The study in human tissue, although limited, is conclusive about the general presence of Rab6A in astrocytes in the human, but the neuropathological findings from three cases are a non-representative, initial pilot study, suggesting that reactive astrocytes are mostly Rab6A⁺, but can be Rab6A^-. It prompts systematic pathological studies aimed at understanding both the possible role of astroglial Rab6A in pathology and its function in the brain.

Astrocytic Rab6A⁺ TGN organelles are demonstrated here to be ubiquitous and abundant in the brain, and Rab6 is evolutionary highly conserved [20]. Cell biological studies will have to clarify whether these TGN vesicles recycle, for example, to the ER, or are targeted to the plasma membrane for endocytosis and/or exocytosis.

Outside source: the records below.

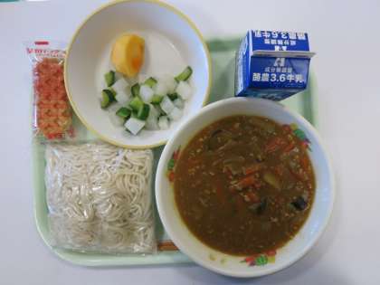 今日の献立は、ソフトめん、カレーソース、チーズドッグ、ころころサラダ、かき、です。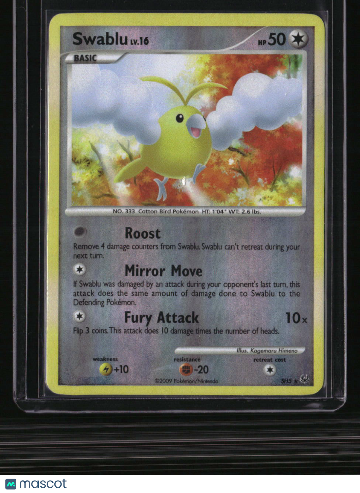 | *This is a Single Trading Card* | *Discounts are not available on Single Trading Cards* | This is a nice example of a Platinum #SH5 Swablu (Shiny) Shiny Holo Rare,Reverse Holo. Please check out our other listings for more great cards. Thank you for your interest in one of our cards!!! Prior to making any bids/purchases, I would kindly ask you to read the information below: Item Condition Please see the provided pictures for the condition of the card or item, pictures of the front and back are provided for your review. We cannot accommodate requests for additional pictures. Any notable flaws or damage to this item will be noted in this listing. Please use the attached photos provided for your own assessment. Graded card cases may come with some minor wear/tear, surface scratch, chipped, or blemish. There are no partial refunds or returns because of the case condition. All single cards will come in protective cases. If you purchase a listing that's sold as a lot it may come in snap cases or sealed in a team bag, and not all cards will be individually sleeved and top loaded in all lots. Raw cards are sold as such, with no guarantees of potential and/or expected grades. All cards are sold as is, with no returns or refunds. Listed With Mascot.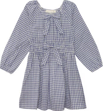 The Blueberry Jam Dress is the perfect blend of timeless design and everyday comfort for your little one. Its blue and white checkered pattern gives it a classic feel, while the long sleeves and gathered round neckline add an extra touch of softness. A bow at the neckline creates a playful detail, and the cinched waist?tied with another bow?offers an adorable and adjustable fit. Fabric Content & Care 100% COTTON Machine Wash Cold | Line Dry | Do Not Bleach

Ongoing studies aim at testing whether Rab6A⁺ TGN-derived vesicles are exocytosed in astrocytes. If so, this might shed a light on the identity of glial organelles related to release of transmitters and proteins involved in glia-neuronal communication [10,15,16,17,18,19], mechanisms known to regulate vital functions [56] and behavior [1,2,3,4,5,6,7,8].

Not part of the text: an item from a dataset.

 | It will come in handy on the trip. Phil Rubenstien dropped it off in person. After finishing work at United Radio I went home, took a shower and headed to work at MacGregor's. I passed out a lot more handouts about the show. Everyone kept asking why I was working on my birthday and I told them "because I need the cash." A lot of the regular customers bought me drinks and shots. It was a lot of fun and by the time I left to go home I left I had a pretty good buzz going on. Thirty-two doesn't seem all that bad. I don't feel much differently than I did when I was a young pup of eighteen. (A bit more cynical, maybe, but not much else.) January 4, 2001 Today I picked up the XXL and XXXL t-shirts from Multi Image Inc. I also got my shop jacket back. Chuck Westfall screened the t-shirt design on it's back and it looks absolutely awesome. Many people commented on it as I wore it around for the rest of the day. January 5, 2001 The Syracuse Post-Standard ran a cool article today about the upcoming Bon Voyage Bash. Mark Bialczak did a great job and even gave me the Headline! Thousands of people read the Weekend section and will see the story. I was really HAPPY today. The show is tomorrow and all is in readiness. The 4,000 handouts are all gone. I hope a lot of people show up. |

We show here that Rab6A is a pan-astrocytic marker, a marker specific and common to all astrocytes. The data also confirm the global and specific astrocytic labelling by Aldh1L1 in gray matter, and the astrocyte-specific labelling by GS, which is sometimes debated [28,29], was replicated again. In both mouse and human brain, individual astrocytes display a variability in subcellular distribution, size, and number of Rab6A⁺ structures, suggesting dynamic regulation of the glial TGN.